ONE, NOT DONE

   

IMG_2192.jpg

   Over 250,000 anterior cruciate ligament (ACL) injuries occur in young, active individuals each year in the United States. 1,2 Highest- risk populations include athletes participating in pivoting and cutting sports, adolescent athletes, and female atheltes.3 ACL reconstruction (ACLR) is the standard treatment of choice, with approximately 90% of patients going on to surgery. 3 The goal of surgery is to restore appropriate knee joint function and functional stability, in order to allow for return to pre-injury activity. 4 However, even after a rigorous rehabilitation program, incidence of secondary ACL injury (same leg or opposite leg) have been reported to range form 6% 5,6 to 29.5% 7 within 24 months of the time to return to sport.

However, even after a rigorous rehabilitation program, incidence of secondary ACL injury (same leg or opposite leg) have been reported to range form 6% 5,6 to 29.5% 7 within 24 months of the time to return to sport.

    As both a strength coach and rehabilitation practitioner I have seen numerous athletes that were returned to sport before they were truly ready. The current outcome measures that are evaluated for return to sport criteria do not take into account the overall quality and compensatory movements that are seen in ACLR patients.  Recent studies have shown that neuromuscular and biomechanical patterns lead to poor movement quality that can last for up to 2 years following ACLR7, 8 and have been found to lead to reinjures.  Normal strength recovery after ACLR does not translate to the appropriate neuromuscular control needed for athletic endeavors.9, 10 Proper neuromuscular control is achieved by the balance of adequate strength, mobility, kinesthetic awareness (awareness of position in space), joint mechanics, and adaptive motor control strategies. 9   

The current outcome measures that are evaluated for return to sport criteria do not take into account the overall quality and compensatory movements that are seen in ACLR patients.

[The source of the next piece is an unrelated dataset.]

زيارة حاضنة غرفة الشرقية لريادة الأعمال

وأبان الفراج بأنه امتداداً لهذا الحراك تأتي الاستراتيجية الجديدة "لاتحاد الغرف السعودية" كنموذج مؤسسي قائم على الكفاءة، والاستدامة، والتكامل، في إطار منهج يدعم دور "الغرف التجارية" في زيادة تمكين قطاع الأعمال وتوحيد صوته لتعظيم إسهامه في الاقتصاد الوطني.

    Even after athletes are cleared to return to sport, deficits in neuromuscular control are evident. 9,10,11,12. These deficits have been shown to be highly predictive of the risk of secondary injury.11 Four predictive biomechanical factors have been identified: (1) inward rotation of the uninvolved limb at landing, (2) increased inward and outward horizontal motion of the knee during landing, (3) landing with decreased knee flexion, (4) and increased trunk motion. 11 These four factors have been shown to predict a second ACL injury 88% of the time when present.11  

 Even after athletes are cleared to return to sport, deficits in neuromuscular control are evident.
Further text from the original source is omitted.